Business and Data Intelligence: Tables or networks?

7. 2. 2022

I dare say that the vast majority of business intelligence solutions we can see everywhere still run on relational databases. No wonder. I remember how amazed I was when I came to understand the simplicity and beauty of relational algebra and learned of the versatility and power of SQL. Relational databases are based on tables that are interconnected through relations such as “this bank account belongs to this customer”. All views and outputs from relational databases come in the form of tables. Tables are the ideal world for users in the financial controlling department: every line contains a number; there is a sum at the bottom; check it; does it agree? It doesn’t agree; never mind; correct it; is it OK now? Perfect, we’re done… I know what I’m talking about. For me, tables are inside my comfort zone. However, I also understand that for marketing people, tables are more of a nightmare inside their fear zone.
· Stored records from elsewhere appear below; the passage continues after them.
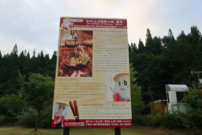 きりたんぽの看板。きりたんぽといえば秋田県の名物だが、このサービスエリアは岩手県ではなく秋田県鹿角市らしい。
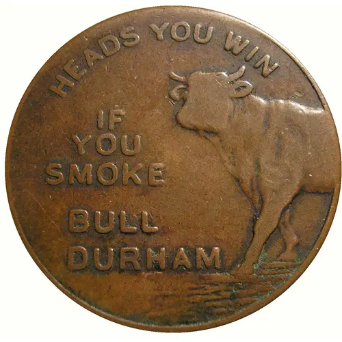 | Obverse lettering | HEADS YOU WIN IF YOU SMOKE BULL DURHAM |
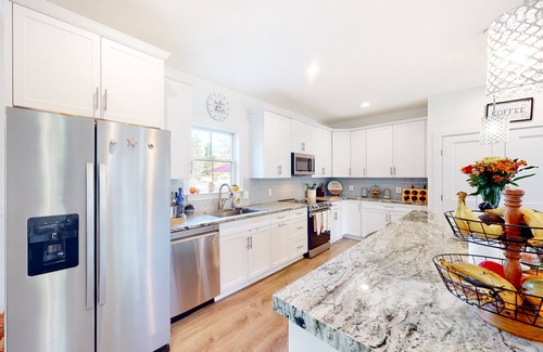 Thoughtful updates have expanded the home's footprint to 2,900 square feet. The elegant kitchen anchors the main level, offering stainless steel appliances (including a wine fridge and a dishwasher), a large island with bar seating, and a country dining table. For movie or game nights, gather in the living room or the cozy den, both with TVs.
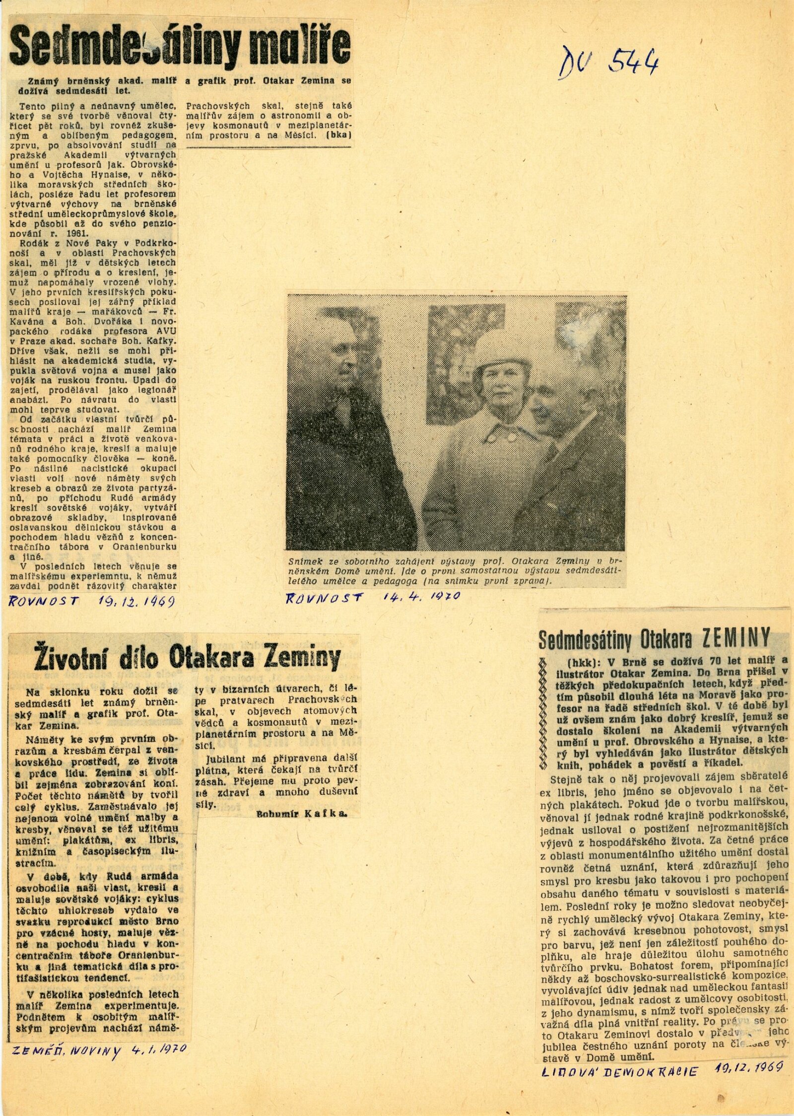 Otakar Zemina. Obrazy 1968–1969: Dům umění, 32. výstava v Galerii Jaroslava Krále, 11. 4. 1970 – 17. 5. 1970 / Text: Jaromír Zemina. – Brno: ČFVU, 1970. – 10 s., obr., portrét, životopis, DU 544. – MZK; MG; MMB
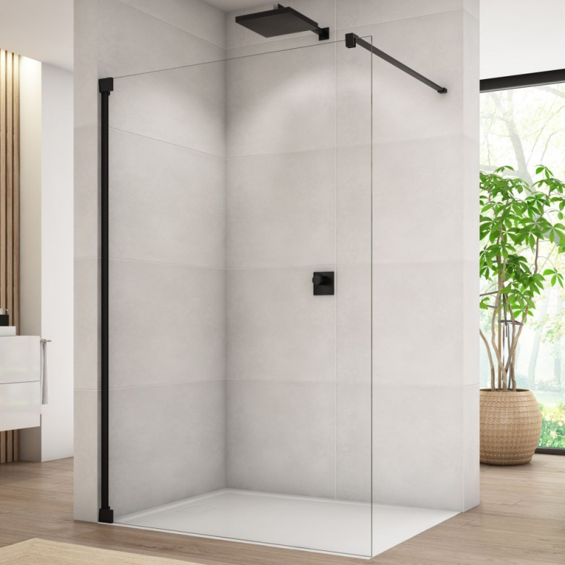 RONAL WALK IN CADURA Walk-in pevná stena čierna mat číre CAT4SM20607

As the volume and importance of the data all around us have grown, I have gradually started moving into a new field called data intelligence. The object of interest here is no longer the business information expressed in data but the data itself. My reasoning was simple: what works in data warehouses (i.e., relational tables) will work in metadata warehouses. After all, in the field of data understanding (for example, when showing the dependencies between data flows—data lineage), it is all about the relationships between data sources and algorithms. So again, we are dealing with relations and, therefore, relational databases are the right technology… But we are going down the wrong path. A thin invisible line has been crossed.

Data understanding is primarily about the complex network of mutual relationships. What interests us in the output is no longer a table but rather a map, a network, an oriented graph. Yes, we can also solve all the required operations with network graphs in a relational database environment, but specific operations such as charting, conditional search for ancestors or successors without a cycle, relationship aggregation, similarity searching, and much more are performed significantly better in so-called graph databases. The basis of these databases is no longer a table and a relation but a node (vertex) and an edge (the connection between vertices).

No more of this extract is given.